In 2016, Goldschmidt batted .297 with 24 home runs, 106 runs, and 95 RBIs in 579 at-bats. He also was third in the league in power–speed number (27.4). He was selected to appear in the 2016 MLB All-Star Game, where he went 0-for-3.

On August 3, 2017, Goldschmidt hit three home runs in a game for the first time, bolstering the Diamondbacks' 10–8 win over the Chicago Cubs. For the fifth time in his career, Goldschmidt was named to the National League's All-Star Team. On September 13, 2017, in a game against the Colorado Rockies, Goldschmidt recorded his 1,000th career hit. Goldschmidt finished the 2017 season batting .297 with 36 home runs, 117 runs, and 120 RBIs. He tied for the National League lead in power-speed number (24.0). After the season, Goldschmidt was awarded his third Gold Glove Award and Silver Slugger Award. He also finished third in voting for the National League Most Valuable Player Award.

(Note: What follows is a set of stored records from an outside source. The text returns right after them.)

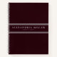 Le carnet moderne présente un design simple dans une palette de couleurs bordeaux et gris. Nom personnalisé présenté dans une bannière bordeaux avec une double bande grise aux accents gris clair et texte. Montré avec un nom personnalisé sur le devant de la typographie moderne, ce carnet d'affaires personnalisé est conçu avec du texte personnalisé. Vous pouvez customiser en modifiant le texte à l'aide des champs fournis, ou en utilisant le bouton "contacter ce concepteur" pour obtenir de l'aide. Pour créer votre propre carnet personnalisé : 1. Sélectionnez personnaliser ce modèle. 2. Remplacez le texte. 3. Vérifiez votre conception pour le dimensionnement et le placement. Un carnet moderne pour la maison ou le bureau, un carnet simple et élégant pour votre espace de travail. Idéal pour les consultants, les avocats, les agents immobiliers, les entraîneurs d'entreprise ou de direction, ou tout autre professionnel d'affaires, ou un cadeau de bureau réfléchi pour lui ou elle.
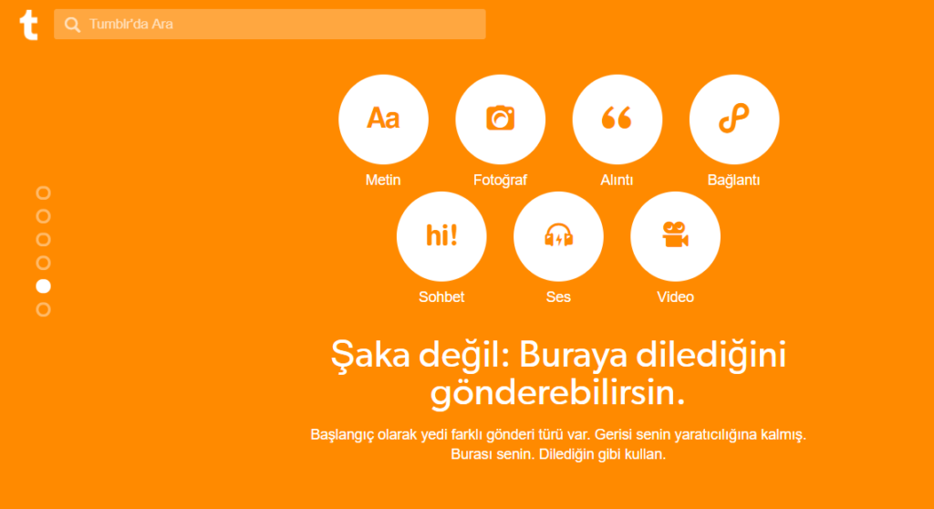 Son olarak, Tumblr’ın kendi içinde Tumblr uzantılı bir sayfası var mı diye merak ederseniz, evet o da var işte burada https://tumblr.tumblr.com/ ama ilginç bir şekilde Bu Tumblr’da da hiç içerik yok ;)
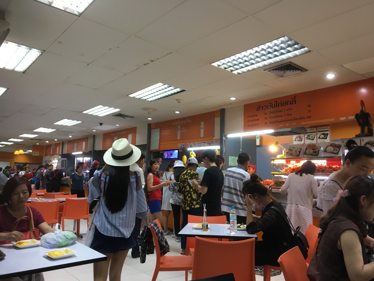 経済性重視派には、空港での食事も安く済ませたいところですが、北側の団体バス乗り場から外へ出て、まっすぐ行くと、空港ビルがあり、一階にクーボン式のフードコートがあります。写真のメニューなので、便利で安くオススメです。
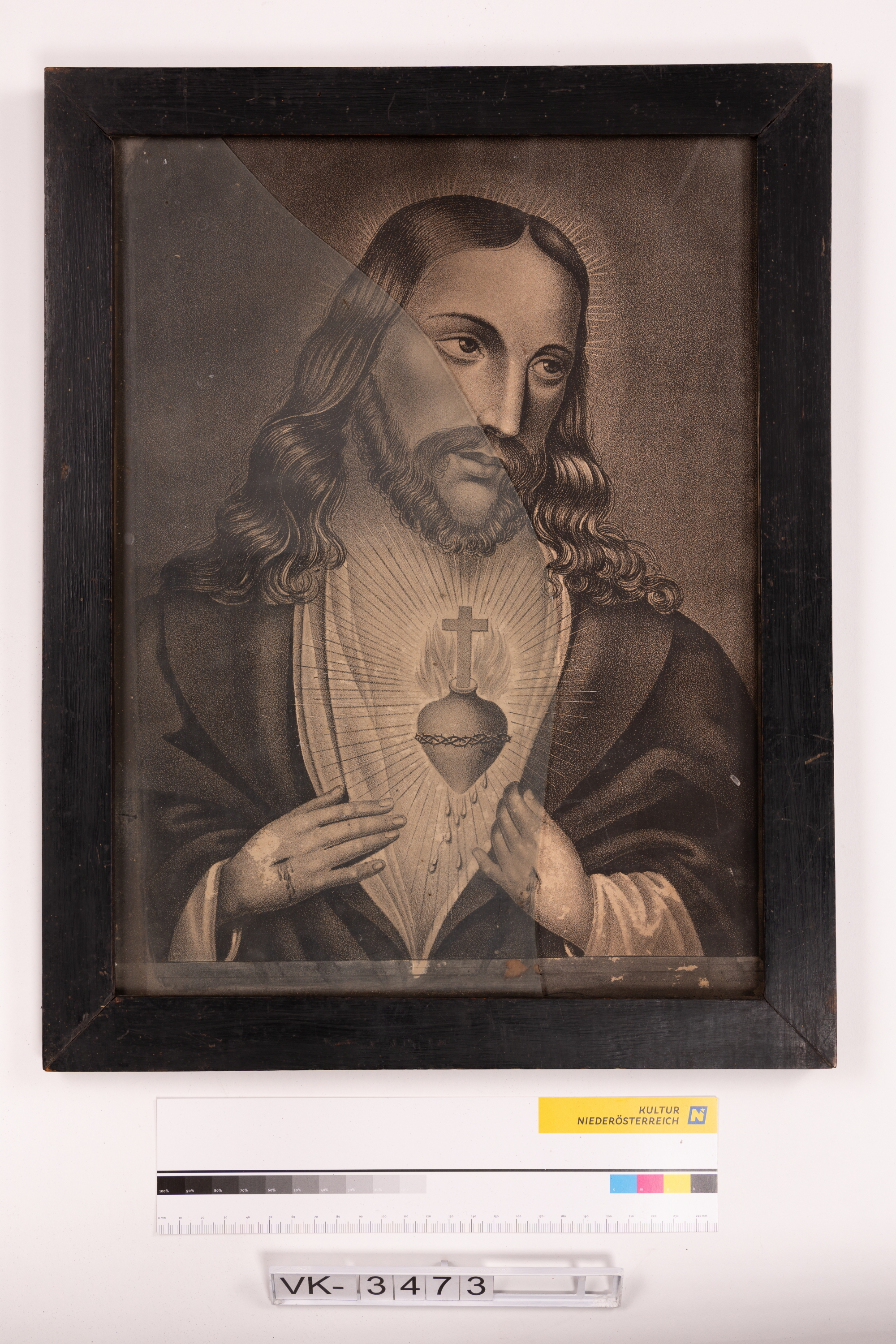 Stich hinter Glas in einem schwarzen Holzrahmen: Herz-Jesu-Darstellung (Christus mit flammendem Herz mit Kreuz und Wundmalen).
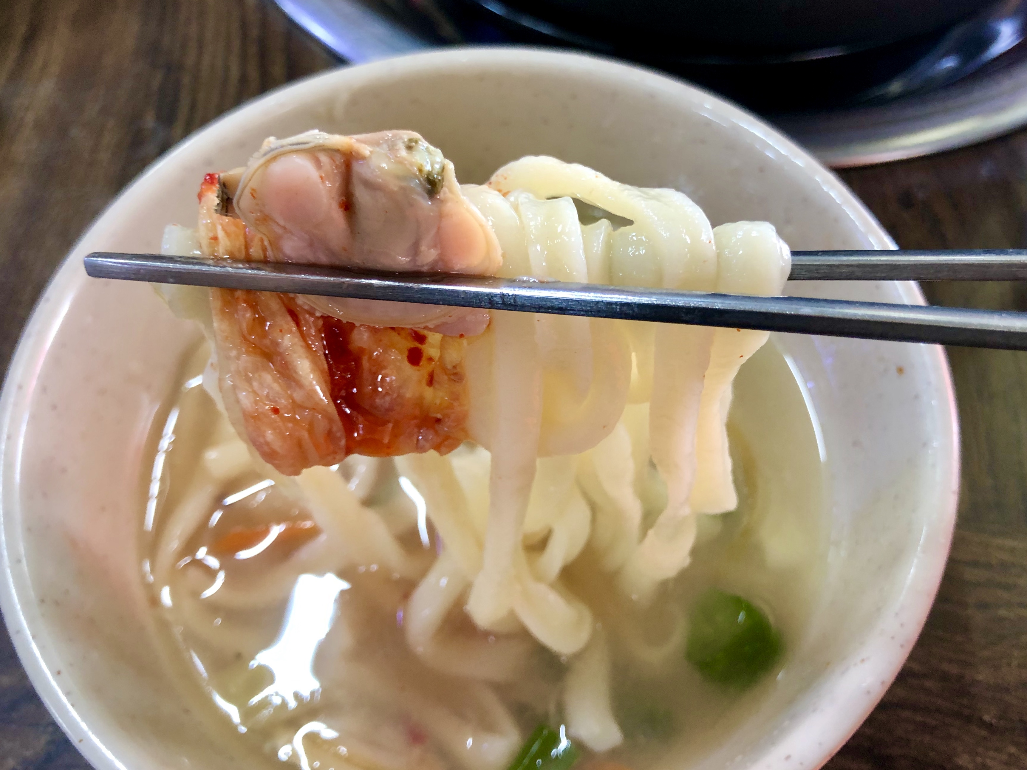 백합 살을 발라 칼국수와 함께 수저에 올려놓고
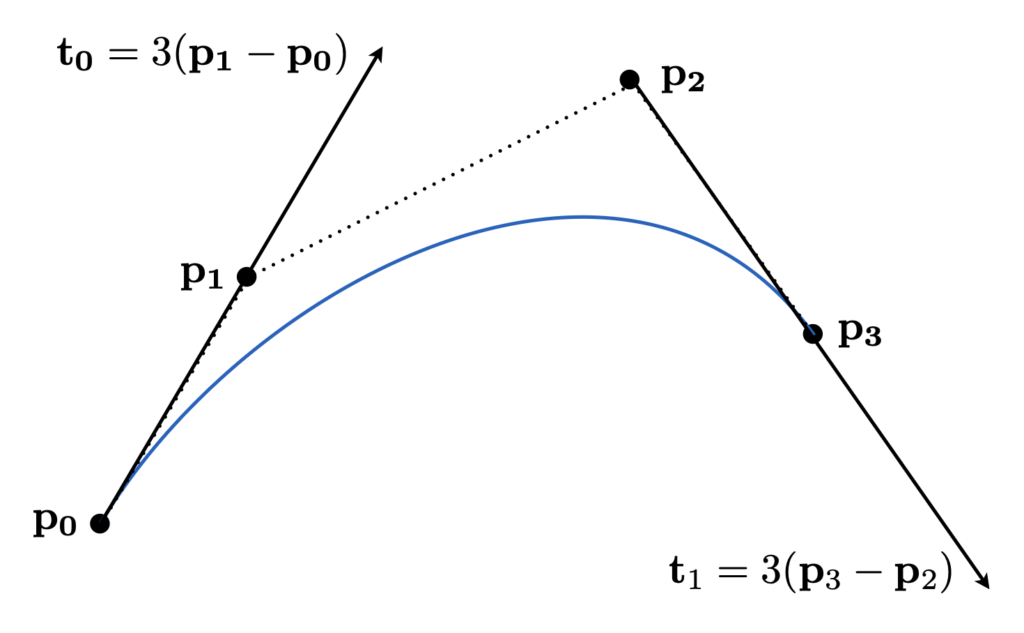 - 起点和终点处的切线方向是固定的,分别是从起点到第二个点的向量(\(\bm{t_0}\)
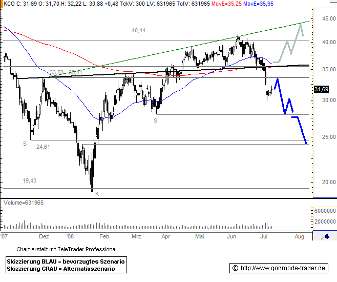 Rückblick: Lange Zeit konnte die Unterstützungszone bei 33,53 - 35,41 Euro genügend Kaufinteresse wecken, so dass die Kurse der KLÖCKNER - Aktie nach oben an dieser abprallten. Am 02. Juli stecken diese jedoch auf und die Kurse fielen dynamisch unter das Unterstützungsniveau zurück. Damit hat sich der Chartverlauf wieder deutlich eingetrübt, denn nicht nur, dass die Aktie nun wieder unterhalb ihrer gleitenden Durchschnitte notiert, mit dem deutlichen Rückfall muss auch die große inverse Schulter-Kopf-Schulter Bodenformation in Frage gestellt werden.
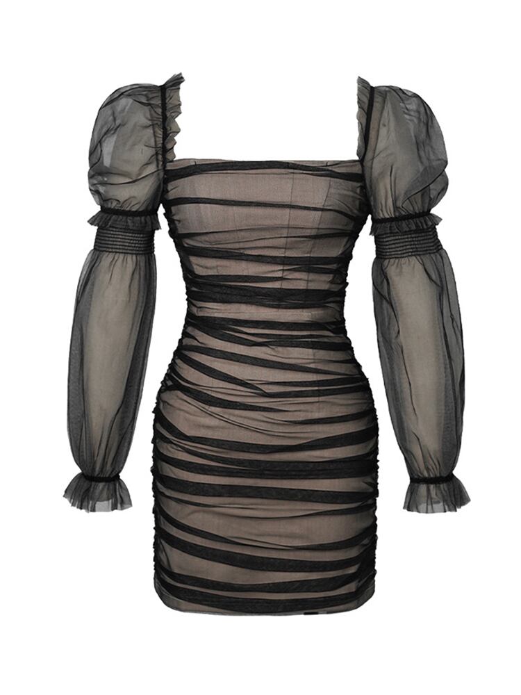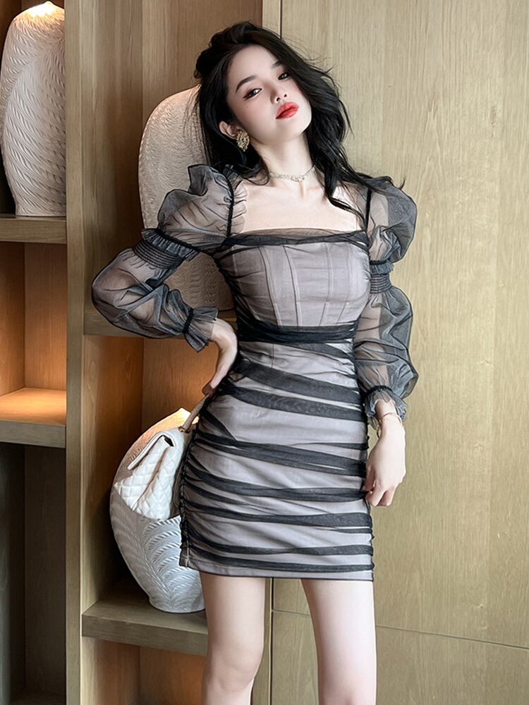 ブラック サマー 夏物 メッシュ ドレス スリム スクウェア MingJieBiHuo84174291053
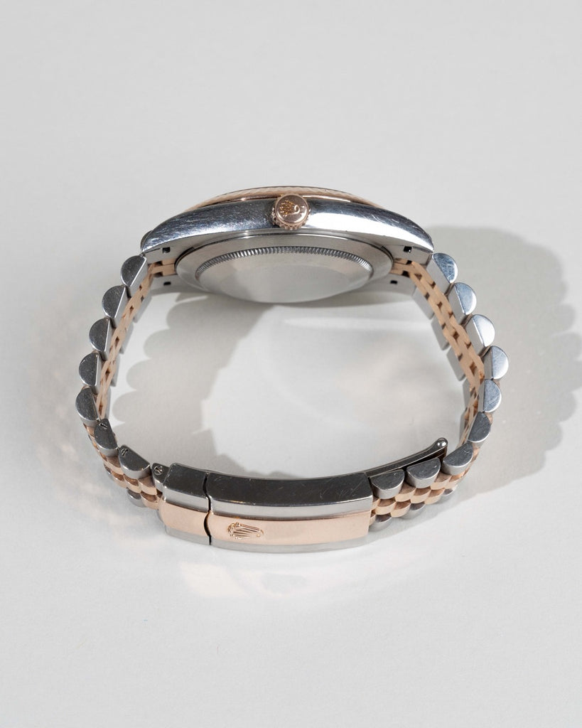 En luksuriøs version af den ikoniske Datejust, udført i Rolesor – en elegant kombination af stål og 18 kt Everose-guld. Den sølvfarvet skive prydes af funklende diamantindeks, der giver et raffineret og eksklusivt udtryk. Uret drives af det præcise automatiske Calibre 3235 og er udstyret med den klassiske Jubilee-lænke. Et perfekt valg for den, der ønsker et tidløst statement af elegance og prestige.
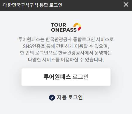 가입은 한국관광공사 통합로그인 서비스인 투어원패스에 카카오톡, 네이버, 구글 등 SNS로 간편 회원가입이 가능합니다. 저도 카카오톡으로 가입해서 1분 만에 회원가입을 했습니다.
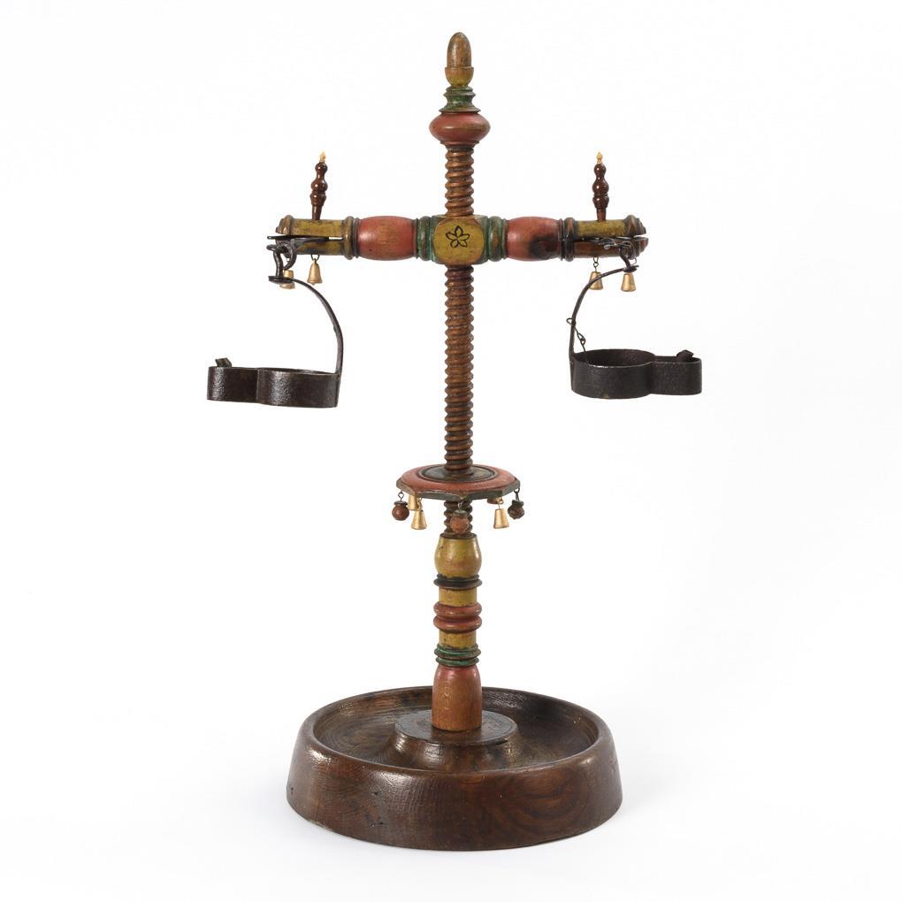 Bowl-shaped round base, turned shaft with turning hinge to adjust the height of the hand guard and the cross arm with slot holders for the open frog lamps. Some attached Drechsel-Zierappliken as well as Zapfenbekrönung .Professionally restored (foot glued, 1 slot holder half supplemented). 1 wick chain missing. A few signs of age / use.
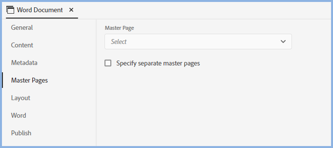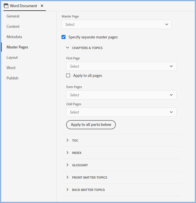 In a new preset, the Master Pages options will show as above. By default it will be assumed that if a master page is selected, it will apply to all sections of the document as defined in the TOC.
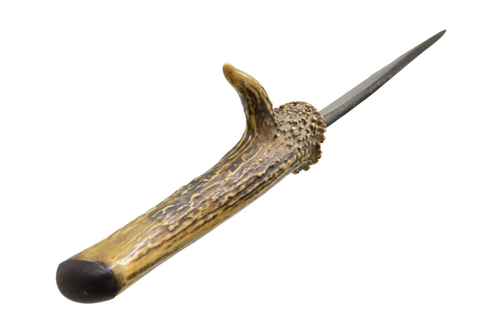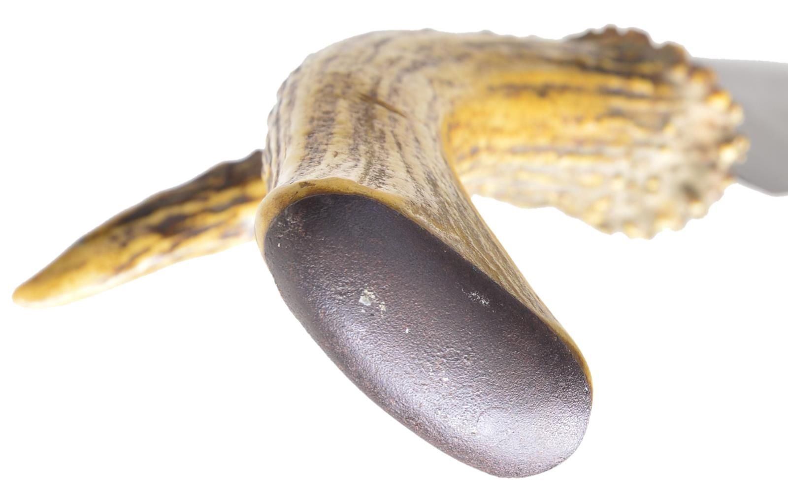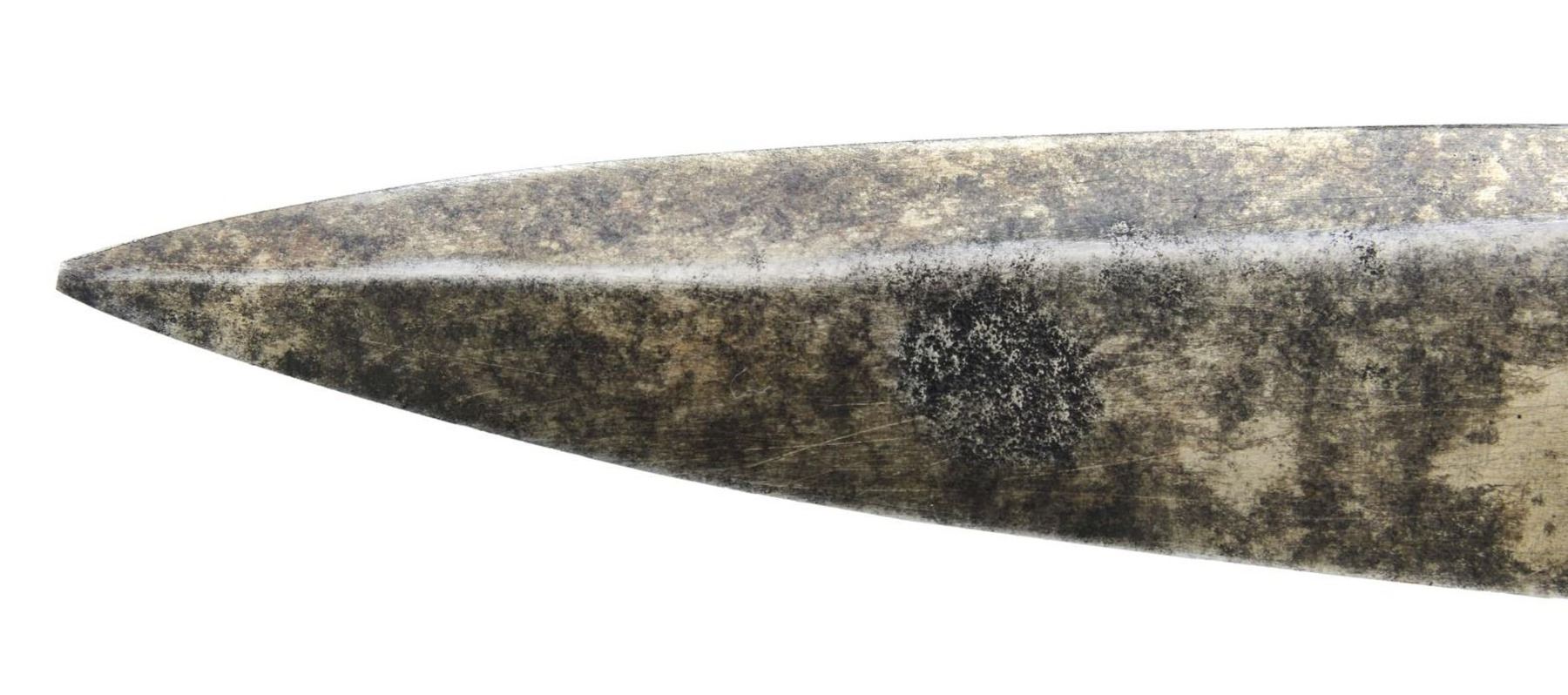 17" overall, 10" blade stamped on ricasso "DADLEY STRATFORD", mounted on branched crown stag grip handle with domed iron pommel cap. William Dadley (1774-1846), Avon on Stratford is listed as only cutler in this town's directory in 1822. Dadley's razors are well known (1810-1830)' but this is the only knife we are aware that has surfaced. The sheath is form fitted to stag grip base. Possibly an American remounting and American leather sheath. CONDITION: very good overall, smooth iron patina, light pitting, pommel cap dark iron patina. Black leather sheath good overall, missing sewn belt attachment, point of knife protrudes. PROVENANCE: From the late Robert Vines Collection. (02-16929/JS). $2,000-4,000.
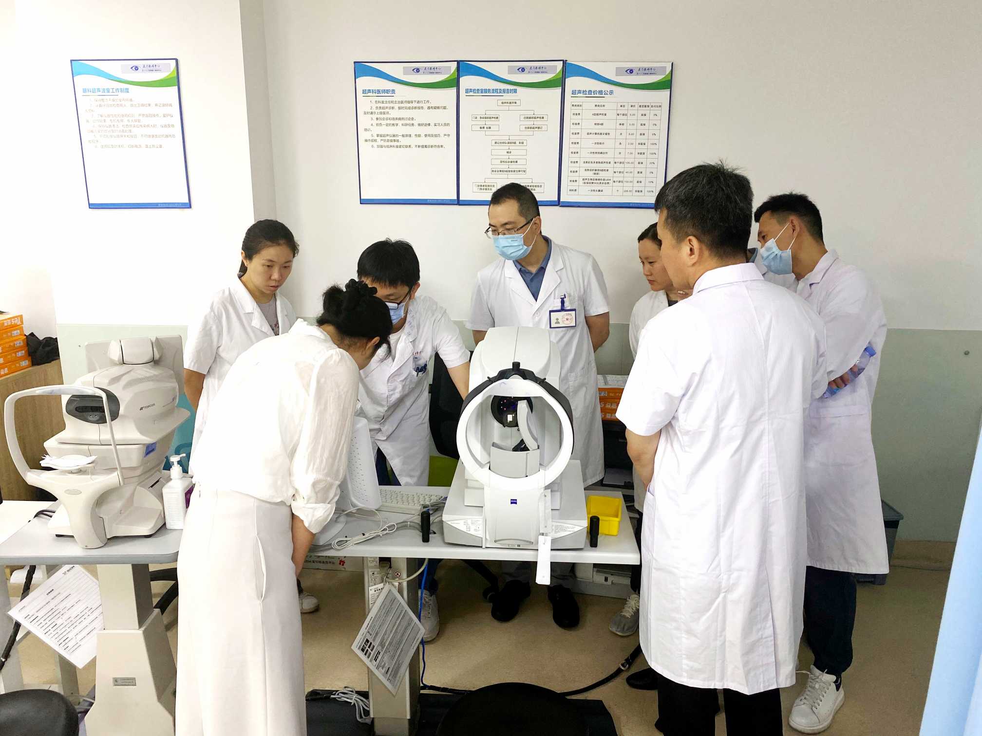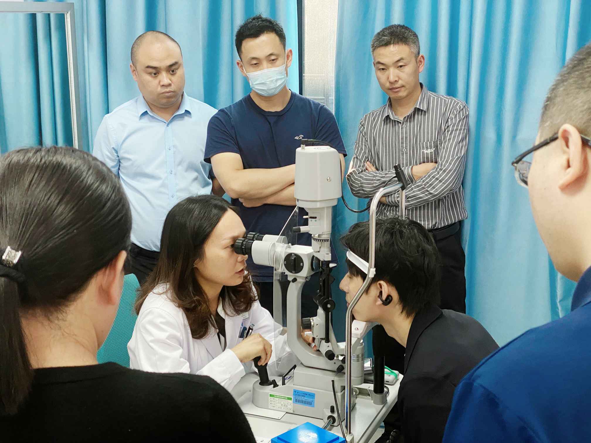 鞏固理論基礎(chǔ)之余,廈門眼科中心還組織參培醫(yī)師們到 門診觀摩 ,實地了解和學(xué)習(xí)ICL術(shù)前檢查和術(shù)后觀察處理流程,由史小玲主任為大家釋疑。

In the 2017 National League Wild Card Game, Goldschmidt hit a three-run home run in the first inning that helped the Diamondbacks to win 11–8 over the Rockies. During the 2017 NLDS, Goldschmidt batted only .091. The Diamondbacks lost the series to the Los Angeles Dodgers.

Through the first 20 games in May of the 2018 season, Goldschmidt struggled, managing to get only seven hits out of 73 at-bats (.096). At the time, this lowered his batting average for the season to just .198. Goldschmidt improved in the following month, recording a .390 batting average between the dates of June 1 and July 3. For the month of June, he won the National League Player of the Month Award for the first time in his career. His efforts earned him a spot on the All-Star Team for a sixth consecutive year. On August 3, 2018, Goldschmidt hit his 200th career home run against Chris Stratton of the San Francisco Giants. Goldschmidt finished the 2018 season batting .290 with 33 home runs, 95 runs, and 83 RBIs. His 1,088 games played, 209 home runs, 710 RBIs, 1,179 hits, 708 runs scored, and 267 doubles are second in Diamondbacks' history, behind Luis Gonzalez. After the season, the Diamondbacks exercised the $14.5 million option on Goldschmidt's contract for the 2019 season.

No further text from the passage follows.